My friend Brian Dennis thinks my All Music Firefox extension might cause trouble and that "[l]awyers are getting lathered up somewhere". And Sylvie Noël is asking whether I'll be "safe from [legal] pursuit."

What?

For the record, my intent wasn't to offend or anger -- it was to help people use allmusic.com better. And to offer a proof-of-concept that a browser extension can add functionality to specific sites.

But anyway, Brian's and Sylvie's comments bring up some interesting questions.

What legal argument would AMG have against the extension? Copyright? Something to do with intellectual property? I dunno.

If it is indeed somehow unlawful, wouldn't that make the AMG-link-fixer bookmarklet I made a few weeks ago unlawful, too? It also alters page content. As do Jesse Ruderman's site-specific bookmarklets.

But that starts getting really hairy.

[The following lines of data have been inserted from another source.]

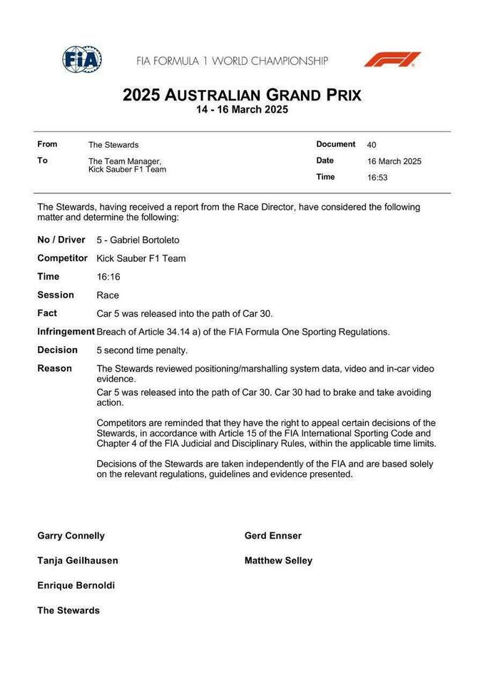 Пілот Заубер Габріел Бортолето отримав штраф у три позиції на старті Гран-прі Китаю. Таке рішення стюарди ухвалили через те, що бразилець не виконав 5-секундний штраф, за небезпечний виїзд з боксів під час гонки в Австралії. Згідно з регламентом, невиконання покарання у визначений термін переносить його наслідки на наступний етап у вигляді стартового штрафу.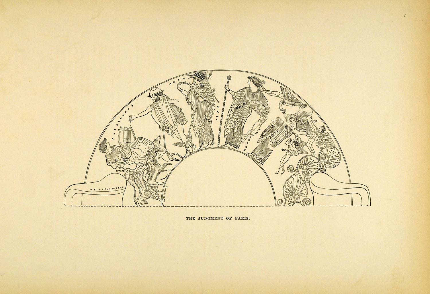 This is an original 1890 black and white wood engraving of the judgment of Paris represented on a painting from a vase of Hiero, featuring Alexandros, Hermes, Athena, and Aphrodite.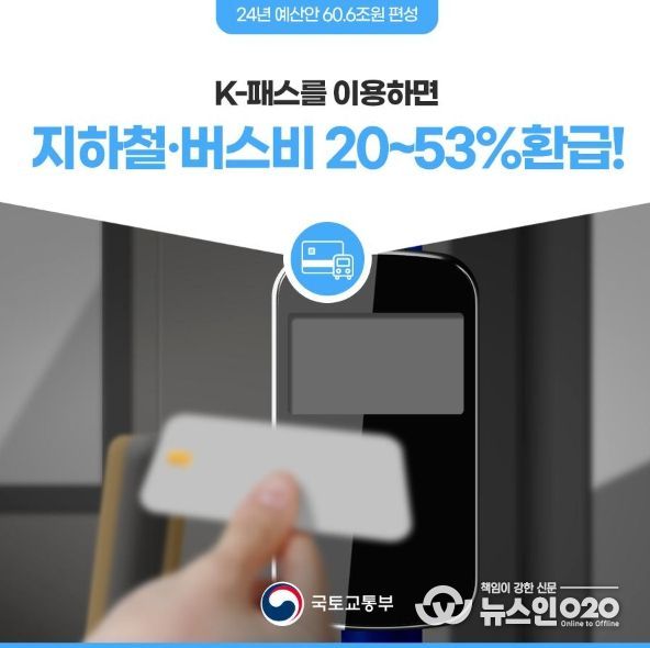 (뉴스인020 = 김나현 기자) K-패스를 이용하면 지하철·버스비 20~53%환급!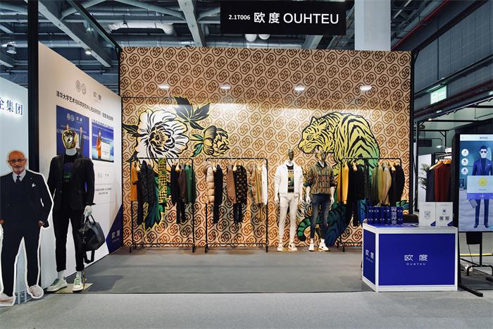 除了注重客户体验,现场服装陈列搭配及展馆搭建也很有讲究。展厅内,第三代OT原创图案与前Gucci设计师Paola Smania的“虎嗅蔷薇”联名印花,交相辉映,彰显着欧度品牌的风格与调性。墙面上老花、猛虎、花卉几大元素浑然天成,带来强烈的视觉艺术美感。左侧墙面还展出了《欧度与清华大学艺术与科学研究中心色彩研究所》有关中国男装色彩研究的合作报告。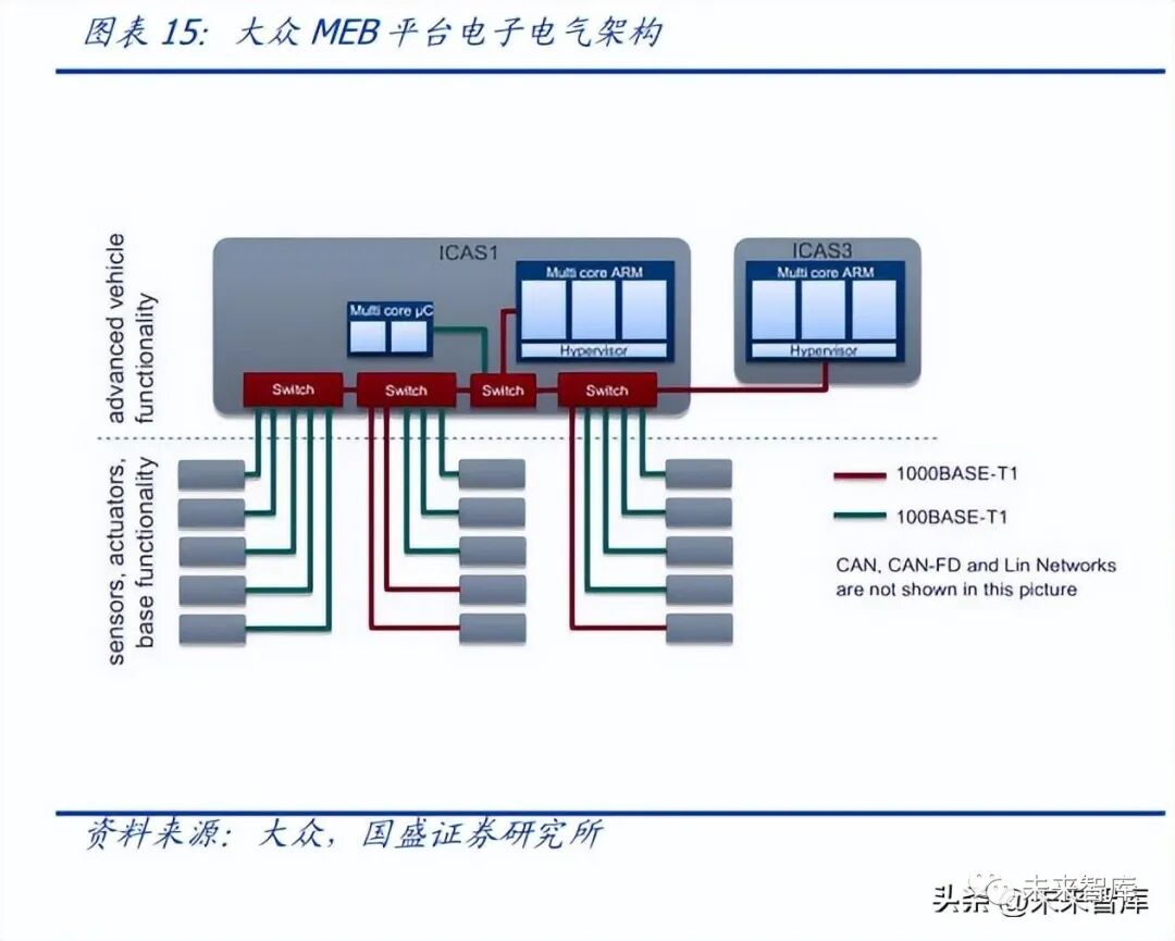 目前,主流量产车型基本遵循博世 E/E 架构路线,由分布式向域集中式过渡,推进 “功能域”控制器集成。主流车企量产车型正在从分布式架构向“功能域”集中架构演 进,实现博世五域中全部或部分域的集成,例如大众 MEB 平台。新势力车企和部分传 统车企已经实现域集中式架构车型的搭载和量产。新势力、头部自主率先进入域集中电 子电气架构阶段,合资、外资车企陆续发展出域集中架构车辆。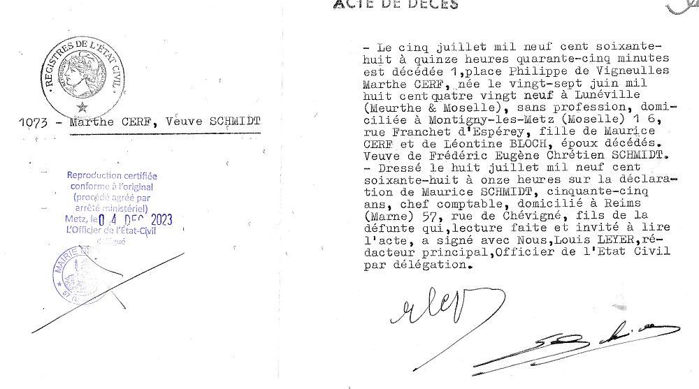 CERF Marthe épouse SCHMIDT Frédéric Eugène Chrétien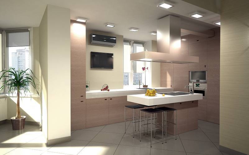 - Устанавливать один центральный источник света. Каждая зона должна быть индивидуально подсвечена несколькими источниками света и желательно, чтобы яркость света была регулируемой. Практичный вариант для каждой зоны – центральный светильник/люстра сверху и точечные над всеми функциональными зонами, где будет что-то делать человек.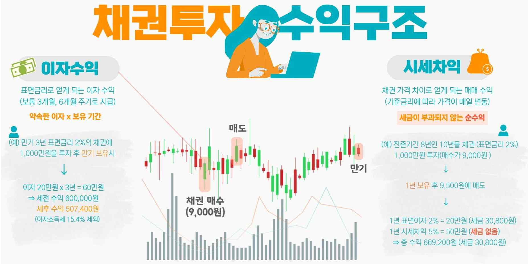 채권 투자의 수익구조는 주로 이자 수익과 자본 이득 두 가지로 나뉩니다.

Illegal bookmarklets? What? That's ludicrous.

Of course, the bookmarklet requires a user to click it each time the page loads. Whereas the extension removes that step. Is that the line? Automation?

This is some really interesting stuff to think about.

I see the All Music Guide extension as a sort of Web proxy. Kind of like those Web proxies that filter content to your liking -- like the ones that fix HTML and remove <blink> tags and stuff. The extension adds functionality to the site and, if anything, encourages people to spend more time there.

I can't see anything questionable in that.